Bypass paths for the lc register are shown in purple.

\textbf{Grading Notes:}

Some solutions tried to repair lc by decrementing its value when an exception is detected. This would fix the problem with \texttt{sw} but won't handle cases in which \texttt{mtlc} or \texttt{mtlci} write lc. Also, control logic would have to check if a \texttt{blcz} is in the EX and possibly ID stages (depending on timing); many solutions did not point this out.

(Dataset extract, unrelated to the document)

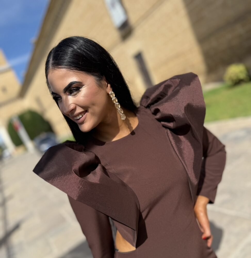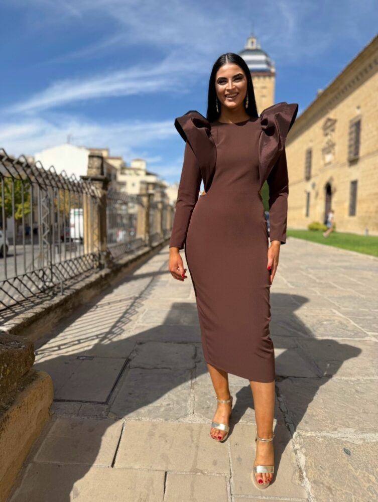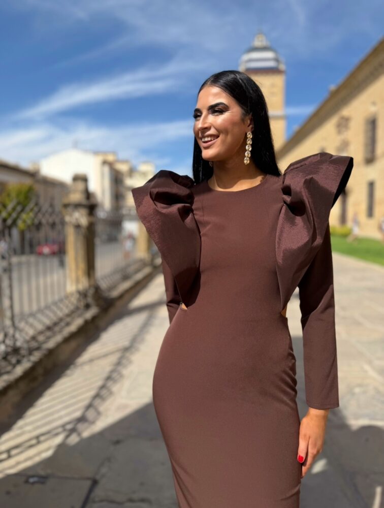 Vestido midi en tejido crepe forrado al tono de color marrón chocolate. El toque de distinción lo marca las volumetrías en tafetán de la parte frontal y la espalda al aire tan protagonista.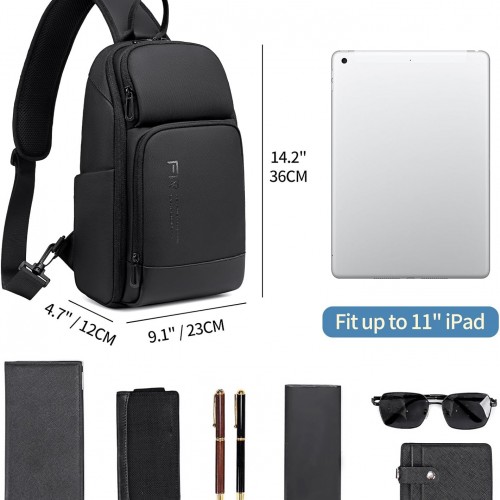 FENRUIEN Crossbody Sling Bag for Men, Water Resistant One Shoulder Backpack, Black Side Bag for Travel

Another common incorrect solution was keeping the lc logic in ID but not modifying lc if a preceding instruction raises an exception. That won't work because when an instruction is in ID a doomed preceding instructions might not yet have raised an exception, \texttt{sw} is an example. One solution was specific in specifying EX-stage hardware to see if the instruction their would raise a memory-related exception when it reached MEM. That's not possible without doing major damage to the critical path.